Еще в Москве он написал «Черновой вариант», который потом расходился в еврейском самиздате и название которого звучало мрачным предостережением всему беззаботному человечеству. Потом были и «Преображение еврея», и «У черного моря», и другие книги, вплоть до последней, «Шоа, или ядовитая триада», выхода которой он уже не дождался, - но именно после «Чернового варианта» его вовлеченность в еврейские дела стала такой, что переезд в Израиль стал как бы само собой разумеющимся, а после переезда так же само собой оказалось обратиться за работой именно в Яд-Вашем и именно в Зал Имен. Если был на свете человек, для которого эта страшная, по существу, работа стала не просто работой или службой, а всей жизнью, то он и оказался таким человеком. Ему мало было получить очередной опросный лист со скупыми данными о еще одном погибшем, но не увековеченном в памяти людской, в Зале Имен, в архивах Яд-Вашем, - он не просто вносил его в картотеку, но тут же списывался с приславшим этот лист человеком, выяснял детали и подробности, и многие из этих людей становились потом его корреспондентами на многие годы. Наверно, в этом сказывался также его писательский интерес, - но глубокое, идущее от сердца человеческое участие сказывалось наверняка. И еще – ответственность перед памятью о жертвах Катастрофы, какая-то высшая порядочность перед лицом мертвых.
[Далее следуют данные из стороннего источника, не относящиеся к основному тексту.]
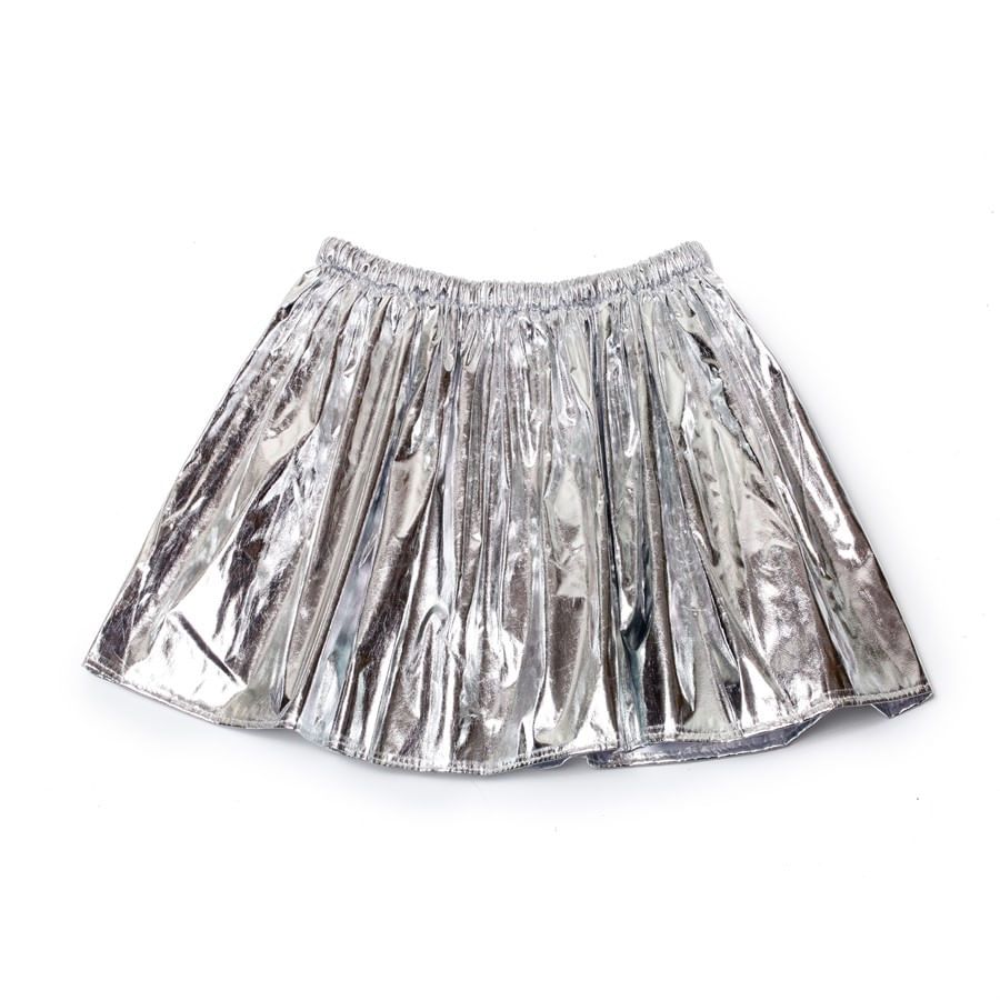 Brilho intenso: O tecido prata brilhoso dá um toque especial à saia, proporcionando um visual deslumbrante.
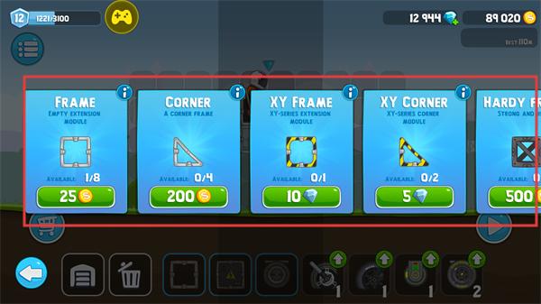 1、可花费金币或钻石解锁FRAME、CORNER等多种部件,超200种可升级零件为赛车DIY和部件改装提供丰富选择,助力打造专属竞速战车。
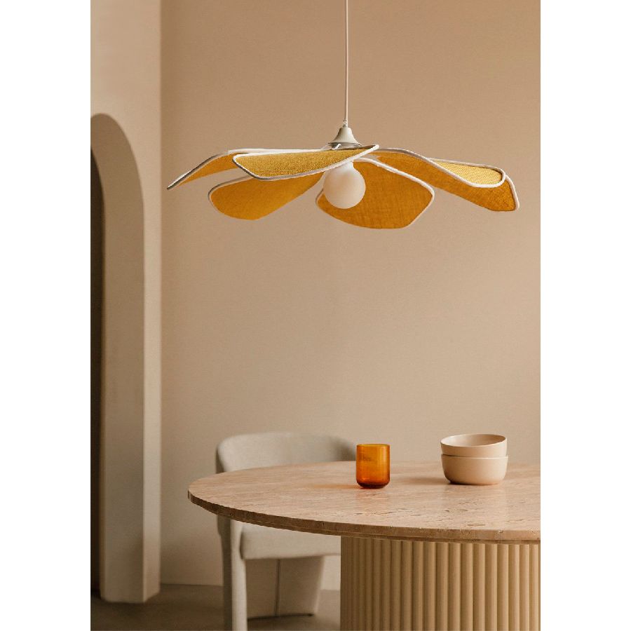 Lámpara de techo flor en lino amarillo
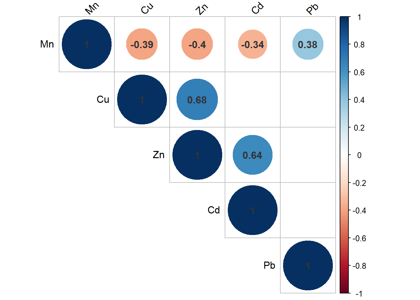 CORR <- cor(SEM[, c("Pb", "Cd", "Mn", "Cu", "Zn")],
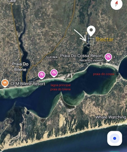 Trespasso DUAT propriedade composta de 2x parcelas, lado a lado, totalizando *1HECTAR NA NOBRE ZONA \"MIAMI DA PRAIA BILENE\" TSOVECA, PRAIA DO COSSA. ESTRADA EM BOAS CONDICOES. AS PARCELAS ESTAO COLADAS E TEM ACESSO FRONTAL DIRECTO A LAGOA DA \"MARCELINA\". TEM VISTAS ESPECTACULARES.*
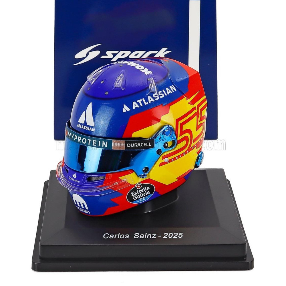 SPARK MODELL BELL BASIC BASIC CASCO BASIC F1 CARLOS SAINZ CSAPAT ATLASSIAN WILLIAMS RACING N 55 2025-ÖS SZEZON - KÉK SÁRGA PIROS
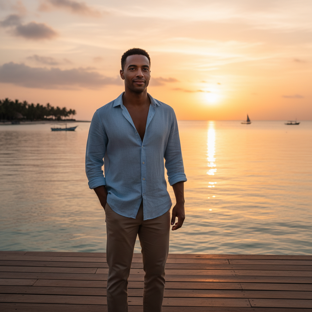 מודל, גבר, בלבוש קז'ואל אלגנטי, חולצת פשתן בהירה פתוחה ומכנסיים בצבע חול, עומד על דק עץ מול ים שקט בשקיעה זהובה, בתאורה טבעית חמה ובאווירה שלווה ורומנטית.התמונה תכיל רק אדם אחד.
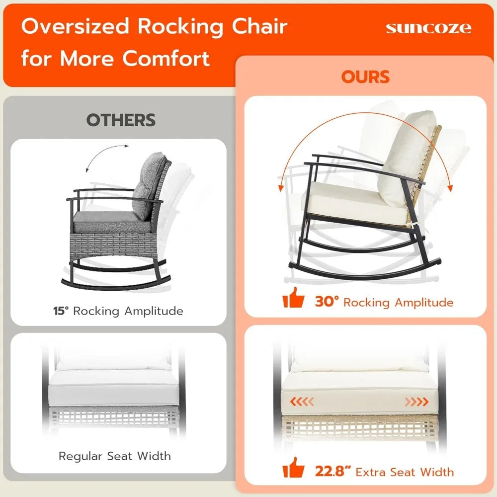 Transform your outdoor space with the ANGDUO 3-piece patio rocking set, where modern style meets cloud-soft comfort for leisurely days and starry nights.

Он вообще был очень порядочным, очень чистым, честным, добрым и бесконечно жадным до жизни. человеком. Таким его все знали и все любили. Странно даже – мне кажется, что у него, в сущности, не было врагов. И он сам почти во всех находил что-то хорошее или, во всяком случае, извинительное. И почти всем широко улыбался навстречу. Как и в ту последнюю субботу, когда я его видел в последний раз. Когда он еще был частью моей жизни. А теперь на месте этой части – оглушительная пустота, которая отныне будет со мной всегда.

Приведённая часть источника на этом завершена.